- [Problem]
What is needed is the full listing written out exactly, minus the pictures.

------ Data segment ------

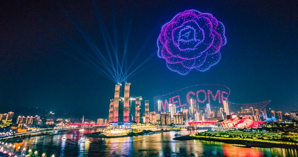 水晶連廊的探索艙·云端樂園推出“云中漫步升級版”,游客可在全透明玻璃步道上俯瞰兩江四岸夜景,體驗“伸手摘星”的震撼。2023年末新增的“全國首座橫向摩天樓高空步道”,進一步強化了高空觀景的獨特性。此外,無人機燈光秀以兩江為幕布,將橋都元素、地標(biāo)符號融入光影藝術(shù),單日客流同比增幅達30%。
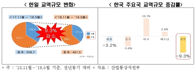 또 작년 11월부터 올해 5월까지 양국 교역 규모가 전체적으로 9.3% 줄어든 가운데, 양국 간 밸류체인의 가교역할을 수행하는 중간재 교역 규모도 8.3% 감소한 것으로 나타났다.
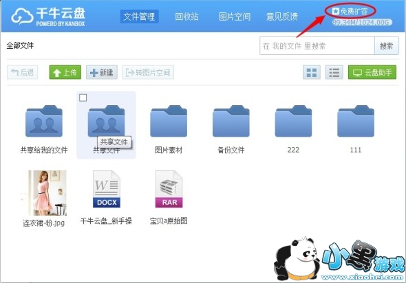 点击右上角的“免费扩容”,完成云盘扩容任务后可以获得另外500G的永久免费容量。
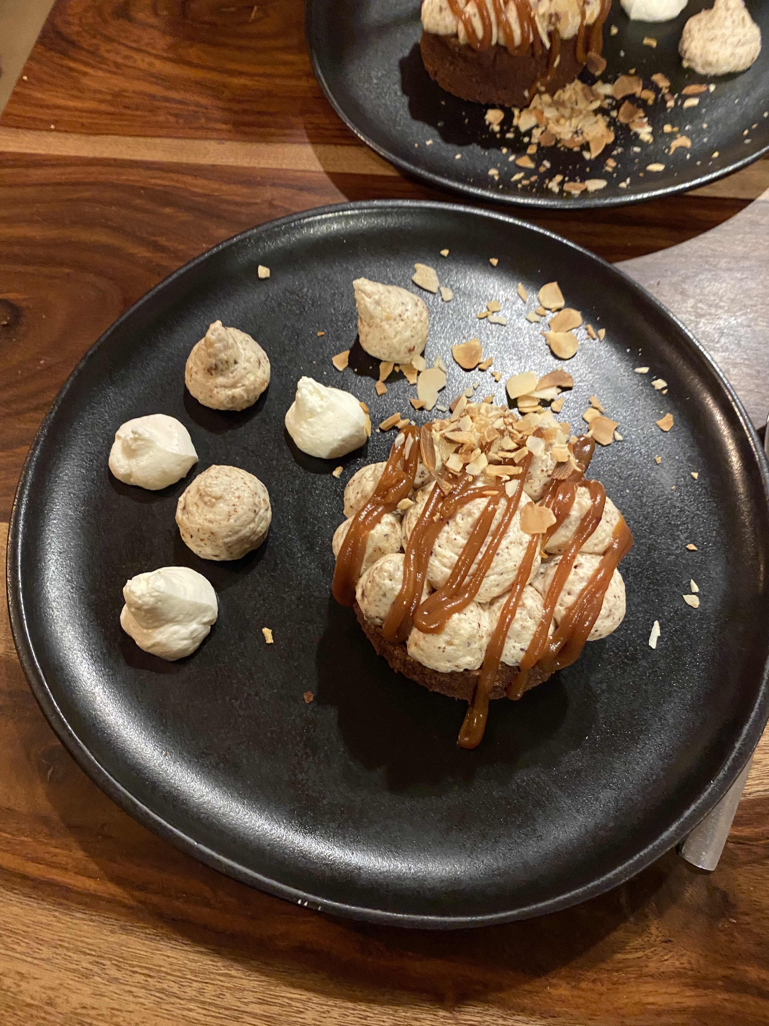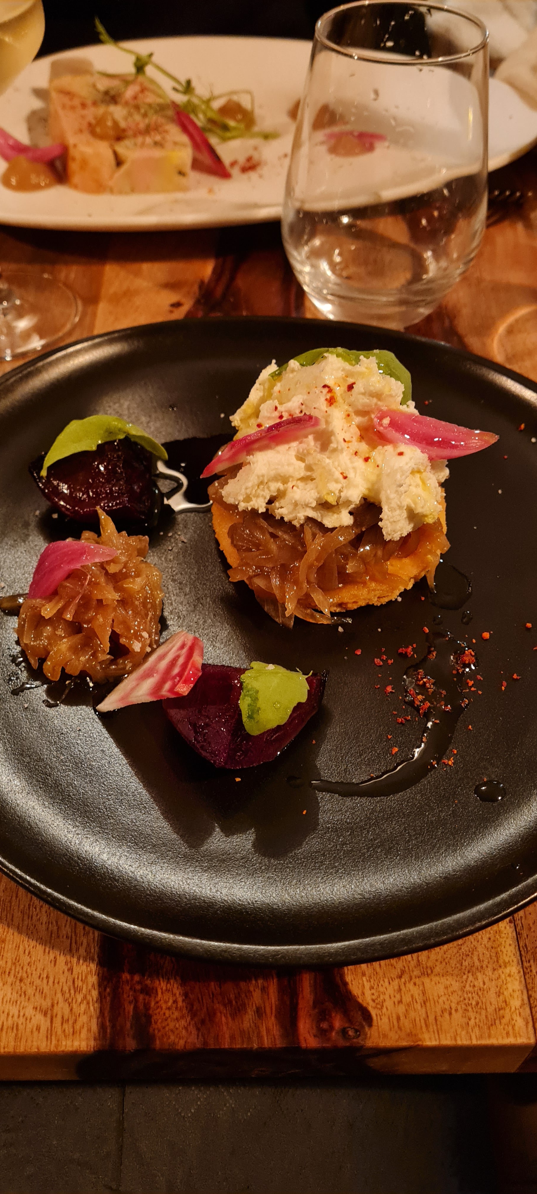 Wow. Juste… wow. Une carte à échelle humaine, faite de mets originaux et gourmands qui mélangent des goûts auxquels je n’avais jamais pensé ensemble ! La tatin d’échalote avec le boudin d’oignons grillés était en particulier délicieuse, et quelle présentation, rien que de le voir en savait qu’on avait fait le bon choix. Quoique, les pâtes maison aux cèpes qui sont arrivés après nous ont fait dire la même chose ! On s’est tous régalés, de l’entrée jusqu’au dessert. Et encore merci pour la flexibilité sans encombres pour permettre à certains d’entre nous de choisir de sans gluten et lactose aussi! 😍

------

- [Exercise answer]
 水晶連廊的探索艙·云端樂園推出“云中漫步升級版”,游客可在全透明玻璃步道上俯瞰兩江四岸夜景,體驗“伸手摘星”的震撼。2023年末新增的“全國首座橫向摩天樓高空步道”,進一步強化了高空觀景的獨特性。此外,無人機燈光秀以兩江為幕布,將橋都元素、地標(biāo)符號融入光影藝術(shù),單日客流同比增幅達30%。
 또 작년 11월부터 올해 5월까지 양국 교역 규모가 전체적으로 9.3% 줄어든 가운데, 양국 간 밸류체인의 가교역할을 수행하는 중간재 교역 규모도 8.3% 감소한 것으로 나타났다.
 点击右上角的“免费扩容”,完成云盘扩容任务后可以获得另外500G的永久免费容量。
 Wow. Juste… wow. Une carte à échelle humaine, faite de mets originaux et gourmands qui mélangent des goûts auxquels je n’avais jamais pensé ensemble ! La tatin d’échalote avec le boudin d’oignons grillés était en particulier délicieuse, et quelle présentation, rien que de le voir en savait qu’on avait fait le bon choix. Quoique, les pâtes maison aux cèpes qui sont arrivés après nous ont fait dire la même chose ! On s’est tous régalés, de l’entrée jusqu’au dessert. Et encore merci pour la flexibilité sans encombres pour permettre à certains d’entre nous de choisir de sans gluten et lactose aussi! 😍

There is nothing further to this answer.